◆ Data shown
--------------------

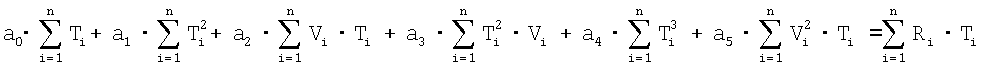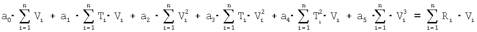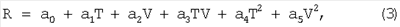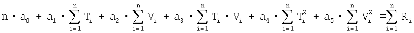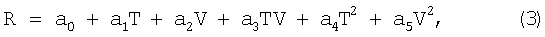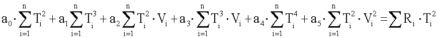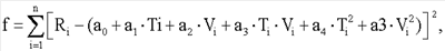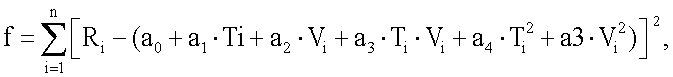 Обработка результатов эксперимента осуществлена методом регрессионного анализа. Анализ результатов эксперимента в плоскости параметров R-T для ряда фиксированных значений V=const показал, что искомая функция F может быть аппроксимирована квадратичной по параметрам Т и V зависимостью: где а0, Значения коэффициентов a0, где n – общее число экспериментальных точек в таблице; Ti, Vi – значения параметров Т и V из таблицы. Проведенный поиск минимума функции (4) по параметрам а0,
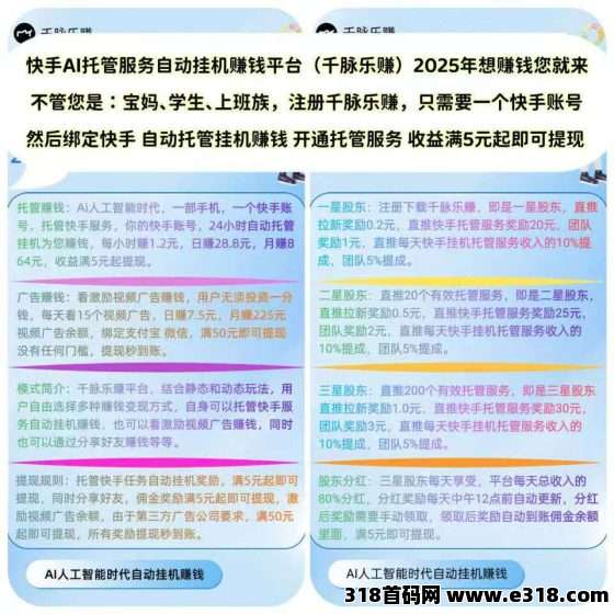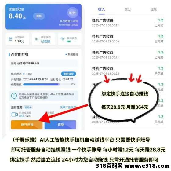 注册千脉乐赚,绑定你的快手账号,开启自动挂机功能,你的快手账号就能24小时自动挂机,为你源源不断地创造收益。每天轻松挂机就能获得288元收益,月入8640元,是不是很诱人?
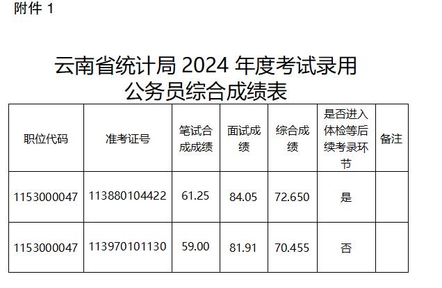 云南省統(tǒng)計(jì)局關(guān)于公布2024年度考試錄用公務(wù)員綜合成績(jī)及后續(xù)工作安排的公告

--------------------

◆ Task instructions
Reproduce exactly, and only, the lines that begin at the one containing "注册千脉乐赚,绑定你的快手账" and end with the final line of the data, both included, while omitting every picture.

◆ Written reply
 注册千脉乐赚,绑定你的快手账号,开启自动挂机功能,你的快手账号就能24小时自动挂机,为你源源不断地创造收益。每天轻松挂机就能获得288元收益,月入8640元,是不是很诱人?
 云南省統(tǒng)計(jì)局關(guān)于公布2024年度考試錄用公務(wù)員綜合成績(jī)及后續(xù)工作安排的公告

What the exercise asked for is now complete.